I have a Variable(FloatTensor) in my graph that is adding another Variable(FloatTensor) to it but on every iteration of forward in the custom nn.Module it allocates memory that is never deleted. Is there some other way I should be writing this line? Or is there a way to manually delete the allocated memory for the addition? The following line seems to cause the problem:

var1[:,index1,:,:] = var1[:,index1,:,:] + var2[:,index2,:,:]

using objgaraph it I get the following names for the leaked items:

before - top 2:
tuple 3191
dict 3037

after 1000 runs, top 4:
slice 72076
Size 50036
dict 47093
tuple 28216

and categories increment every time they pass over that line. Which tracemalloc also pointed me towards.

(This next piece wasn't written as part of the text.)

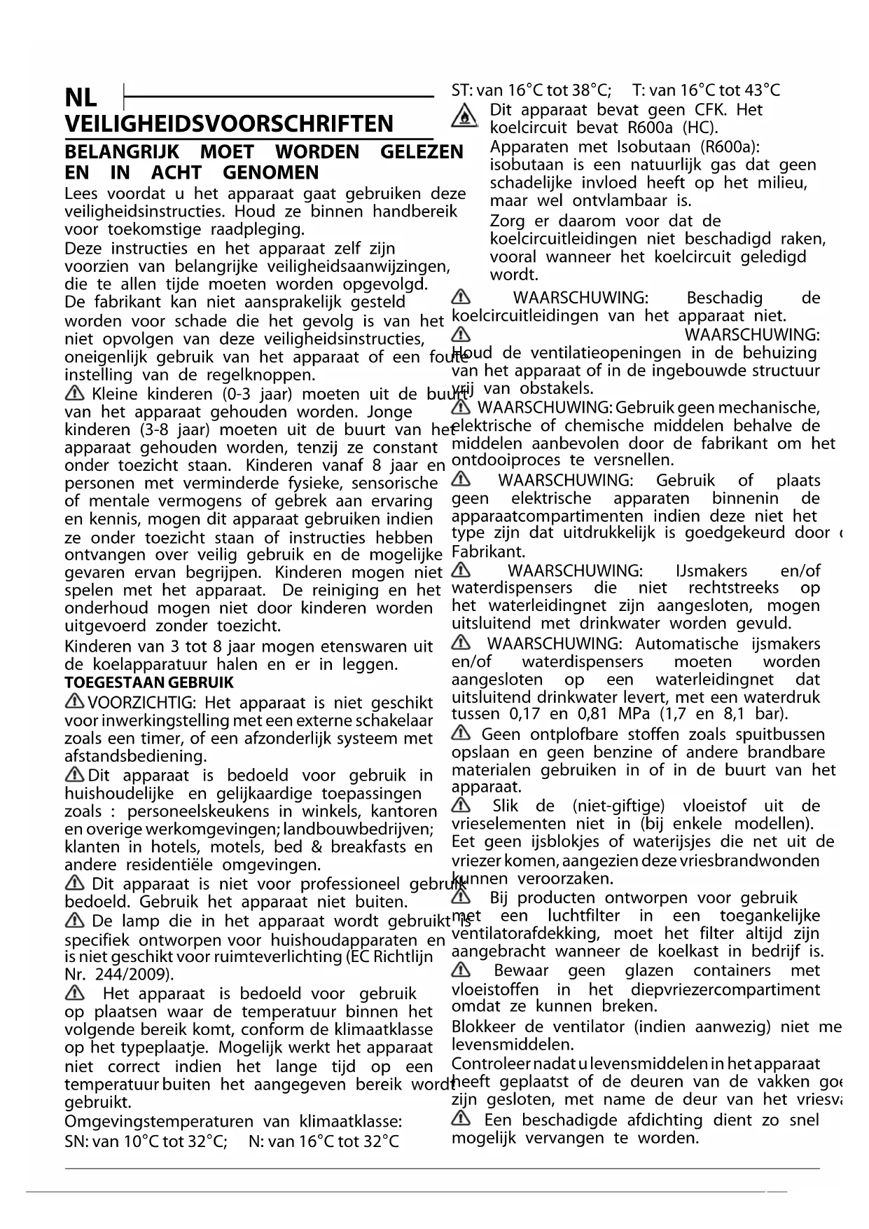 Lees voordat u het apparaat gaat gebruiken deze veiligheidsinstructies. Houd ze binnen handbereik voor toekomstige raadpleging. Deze instructies en het apparaat zelf zijn voorzien van belangrijke veiligheidsaanwijzingen, die te allen tijde moeten worden opgevolgd. De fabrikant kan niet aansprakelijk gesteld worden voor schade die het gevolg is van het niet opvolgen van deze veiligheidsinstructies, oneigenlijk gebruik van het apparaat of een foute instelling van de regelknoppen. Kleine kinderen (0-3 jaar) moeten uit de buurt van het apparaat gehouden worden. Jonge kinderen (3-8 jaar) moeten uit de buurt van het apparaat gehouden worden, tenzij ze constant onder toezicht staan. Kinderen vanaf 8 jaar en personen met verminderde fysieke, sensorische of mentale vermogens of gebrek aan ervaring en kennis, mogen dit apparaat gebruiken indien ze onder toezicht staan of instructies hebben ontvangen over veilig gebruik en de mogelijke gevaren ervan begrijpen. Kinderen mogen niet spelen met het apparaat. De reiniging en het onderhoud mogen niet door kinderen worden uitgevoerd zonder toezicht. Kinderen van 3 tot 8 jaar mogen etenswaren uit de koelapparatuur halen en er in leggen. TOEGESTAAN GEBRUIK VOORZICHTIG: Het apparaat is niet geschikt voor inwerkingstelling met een externe schakelaar zoals een timer, of een afzonderlijk systeem met afstandsbediening. Dit apparaat is bedoeld voor gebruik in huishoudelijke en gelijkaardige toepassingen zoals : personeelskeukens in winkels, kantoren en overige werkomgevingen; landbouwbedrijven; klanten in hotels, motels, bed & breakfasts en andere residentiële omgevingen. Dit apparaat is niet voor professioneel gebruik bedoeld. Gebruik het apparaat niet buiten. De lamp die in het apparaat wordt gebruikt is specifiek ontworpen voor huishoudapparaten en is niet geschikt voor ruimteverlichting (EC Richtlijn Nr. 244/2009). Het apparaat is bedoeld voor gebruik op plaatsen waar de temperatuur binnen het volgende bereik komt, conform de klimaatklasse op het typeplaatje. Mogelijk werkt het apparaat niet correct indien het lange tijd op een temperatuur buiten het aangegeven bereik wordt gebruikt. Omgevingstemperaturen van klimaatklasse: SN: van 10°C tot 32°C; N: van 16°C tot 32°C ST: van 16°C tot 38°C; T: van 16°C tot 43°C Dit apparaat bevat geen CFK. Het koelcircuit bevat R600a (HC). Apparaten met Isobutaan (R600a): isobutaan is een natuurlijk gas dat geen schadelijke invloed heeft op het milieu, maar wel ontvlambaar is. Zorg er daarom voor dat de koelcircuitleidingen niet beschadigd raken, vooral wanneer het koelcircuit geledigd wordt. WAARSCHUWING: Beschadig de koelcircuitleidingen van het apparaat niet. WAARSCHUWING: Houd de ventilatieopeningen in de behuizing van het apparaat of in de ingebouwde structuur vrij van obstakels. WAARSCHUWING: Gebruik geen mechanische, elektrische of chemische middelen behalve de middelen aanbevolen door de fabrikant om het ontdooiproces te versnellen. WAARSCHUWING: Gebruik of plaats geen elektrische apparaten binnenin de apparaatcompartimenten indien deze niet het type zijn dat uitdrukkelijk is goedgekeurd door de Fabrikant. WAARSCHUWING: IJsmakers en/of waterdispensers die niet rechtstreeks op het waterleidingnet zijn aangesloten, mogen uitsluitend met drinkwater worden gevuld. WAARSCHUWING: Automatische ijsmakers en/of waterdispensers moeten worden aangesloten op een waterleidingnet dat uitsluitend drinkwater levert, met een waterdruk tussen 0,17 en 0,81 MPa (1,7 en 8,1 bar). Geen ontplofbare stoffen zoals spuitbussen opslaan en geen benzine of andere brandbare materialen gebruiken in of in de buurt van het apparaat. Slik de (niet-giftige) vloeistof uit de vrieselementen niet in (bij enkele modellen). Eet geen ijsblokjes of waterijsjes die net uit de vriezer komen, aangezien deze vriesbrandwonden kunnen veroorzaken. Bij producten ontworpen voor gebruik met een luchtfilter in een toegankelijke ventilatorafdekking, moet het filter altijd zijn aangebracht wanneer de koelkast in bedrijf is. Bewaar geen glazen containers met vloeistoffen in het diepvriezercompartiment omdat ze kunnen breken. Blokkeer de ventilator (indien aanwezig) niet met levensmiddelen. Controleernadatu levensmiddelen in hetapparaat heeft geplaatst of de deuren van de vakken goed zijn gesloten, met name de deur van het vriesvak. Een beschadigde afdichting dient zo snel mogelijk vervangen te worden.Gebruik het koelkastcompartiment uitsluitend voor het bewaren van vers voedsel en het diepvriezercompartiment uitsluitend voor het bewaren van bevroren voedsel, het invriezen van vers voedsel en het maken van ijsblokjes. Vermijd het bewaren van onverpakt voedsel in direct contact met interne oppervlakken van de koelkast- of diepvriezercompartimenten. Apparaten kunnen over speciale compartimenten beschikken (vak voor verse etenswaar, nul graden-vak,...). Indien niet anders gespecificeerd in de productbeschrijving, kunnen deze compartimenten verwijderd worden zonder dat hierdoor de prestaties veranderen. C-pentaan wordt gebruikt als blaasmiddel in het isolatieschuim en is een licht ontvlambaar gas. Rekening houdend met de temperatuursverschillen in de verschillende koelkastcompartimenten, kunnen etenswaren het beste als volgt worden bewaard:

SimonW · February 28, 2018, 6:46pm

Operations on variables track history. See http://pytorch.org/docs/master/notes/faq.html#my-model-reports-cuda-runtime-error-2-out-of-memory for some explanation.

pytorcher · February 28, 2018, 8:06pm

Thanks for the quick reply! I was not able to get any of those things to work.

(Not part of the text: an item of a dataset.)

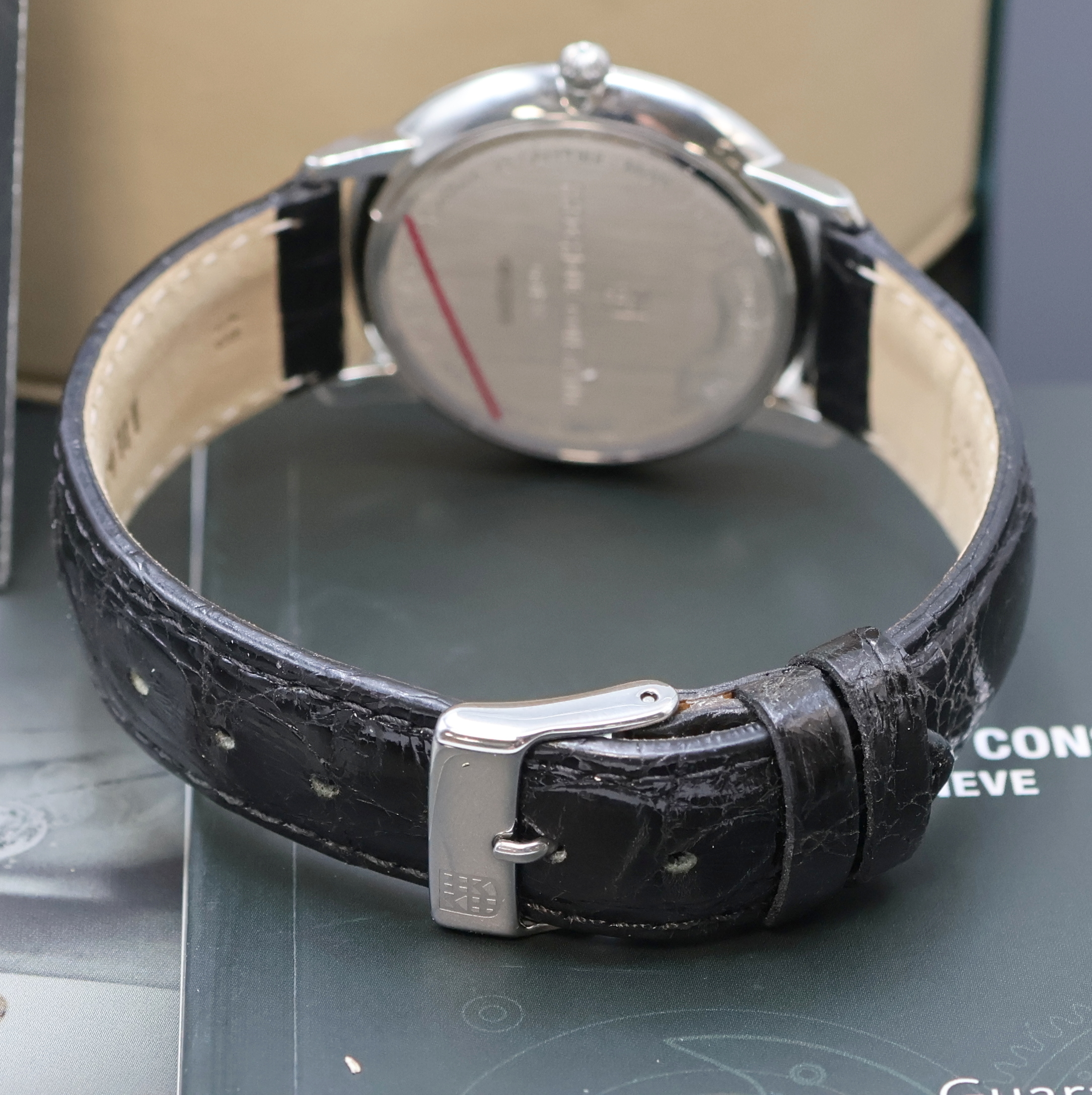 quarz, Edelstahlgeh. inkl. neutr. Lederband m. orig. Dornschl., Boden gedr., Lünette

“Don’t accumulate history across your training loop.”

This is not data accumulation. These are both Variables that need to have a gradient calculated. Calling .data on anything in the loop gives me problems with Tensor/Variable math, warnings because of returning a Tensor instead of a Variable in forward(), or warning that backward() has nothing to compute a variable for.

“Don’t hold onto tensors and variables you don’t need.”

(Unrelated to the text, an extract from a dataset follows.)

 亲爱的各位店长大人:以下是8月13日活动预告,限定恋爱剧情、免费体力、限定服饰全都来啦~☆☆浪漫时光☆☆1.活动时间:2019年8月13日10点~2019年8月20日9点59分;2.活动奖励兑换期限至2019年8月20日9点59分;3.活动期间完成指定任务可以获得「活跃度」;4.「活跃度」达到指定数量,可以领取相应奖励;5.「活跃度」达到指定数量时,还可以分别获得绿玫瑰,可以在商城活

If this is the problem I’m not sure where I’m supposed to delete. var1 is what gets returned at the end of forward so I assume that gets cleaned up elsewhere? Deleting var2 after its used does not make a difference in memory loss.

pytorcher · February 28, 2018, 9:59pm

Got it! Somewhere up the chain var2 is getting calculated in a different module where the numbers are member variables, i.e. self.inputToVar2. I’m guessing that is making them not get deleted at the end of the cycle. Switching all of those inputs, which do not need to be variables, to just tensors seems to have solved it!

Thanks for the link, that was very helpful!